Instead, I'm moving back to 1932.  That was a crucial year, too, when the Democratic Party moved to the left, nominated Franklin Delano Roosevelt, and crushed the incumbent Republican Herbert Hoover in November.  Congress got the message and began the repeal of Prohibition already the following February, before Roosevelt was inaugurated in March.  (Yes, inauguration was later then.)  Congress would adopt most of FDR's New Deal programs, and the nation (and world) began pulling out of the Great Depression in which it had plunged -- partly because of low wages and high prices caused by tariffs, just like now. 


The depression was called "crise," or "crisis" in Africa, especially its French-speaking parts, and Africa in 1932 is my topic for the day.  If you think that's irrelevant, think again:  all history is relevant.  That's how we got where we are, and the more we know about our past, the better we can handle the present.  Specifically, I'm going to quote long sections of "Olivia's African Diary:  Cape Town to Cairo, 1932."  The diary was not published until 1980, however, and it took Amazon so long to find it that I had forgotten I ordered it.  I was pleasantly surprised to see a 1984 autograph from Marvin Breckinridge Patterson.

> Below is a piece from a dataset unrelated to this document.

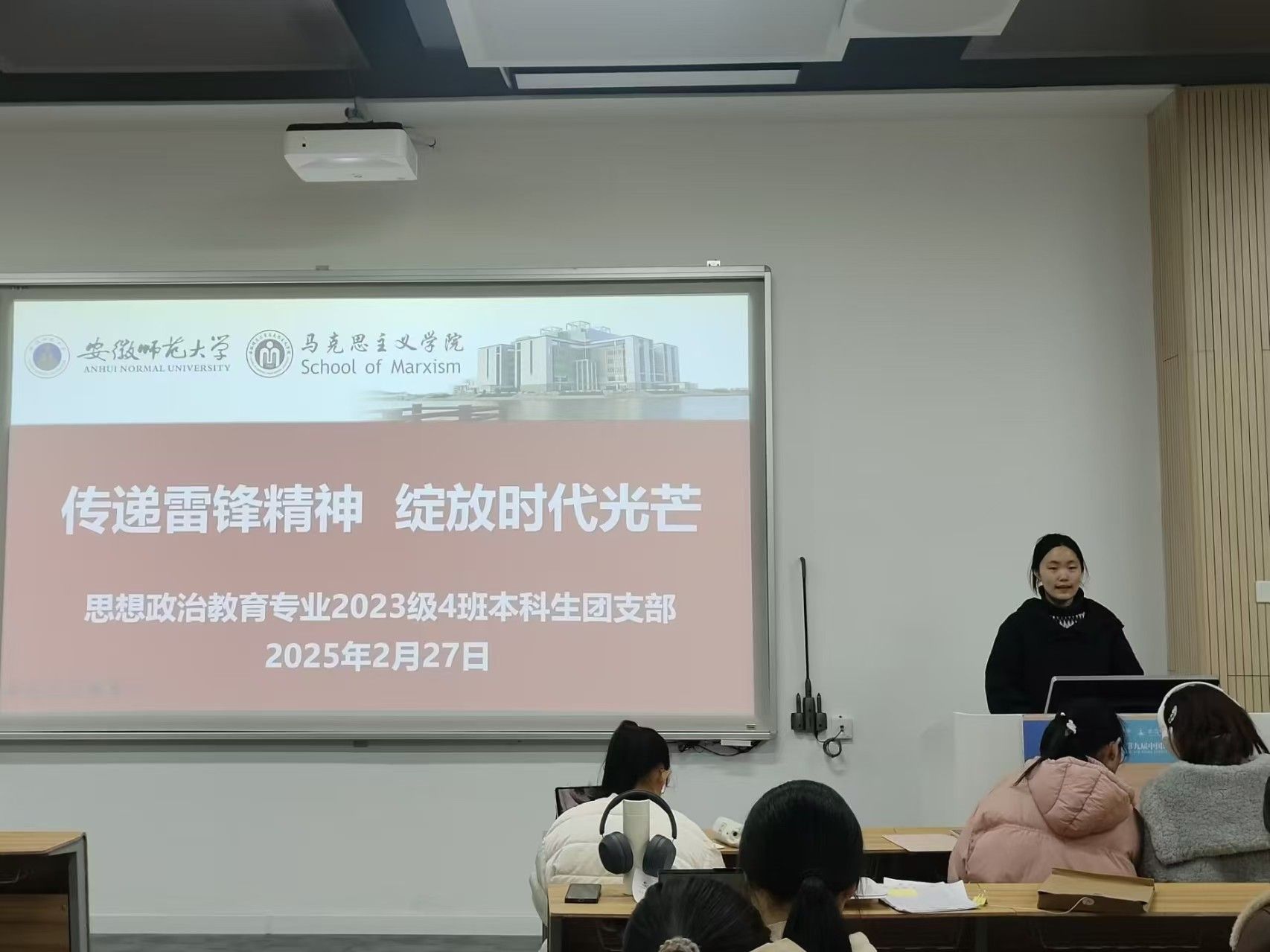 为深入贯彻习近平总书记关于深入开展学雷锋活动的重要指示,传承和弘扬雷锋精神,倡导志愿服务新风。2月27日晚,beet3652023级本科生各班级团支部开展“传递雷锋精神,绽放时代光芒”主题团日活动。会议由各班团支书主持,全体同学参加。

No, Marvin was not a man.  I have an embarrassing a mea culpa:  I encountered her with research for my first book on World War II and thought that her name was Mary Martin Breckinridge.  I wrote about her 1939 radio broadcasts from occupied Europe, which is another interesting story, but back to the mea culpa:  it turned out that "Martin" should have been "Marvin."   I was just fortunate (or unfortunate) that no one at Prentice Hall, which published my third book in 1994, caught my mistake.  Moreover, I didn't know until recently that she was called "Marvin," not "Mary," and was not primarily a radio reporter, but instead a photographer.  She took cameras and film for both still and moving pictures to Africa, where she aimed to procure "pictures of Natives for the Field Museum, done at the request of Henry Field."




Marvin probably was called that to distinguish her from another Mary Breckinridge, who founded the Frontier Nursing Service that traveled in Appalachia, often on horseback.  The affluent, liberal Kentucky family also included Sophonisba Breckinridge, called "Nisba,"who was the first woman in the world to earn a doctorate in political science; another, Madeline McDowell Breckinridge, led the state's women in the right to vote.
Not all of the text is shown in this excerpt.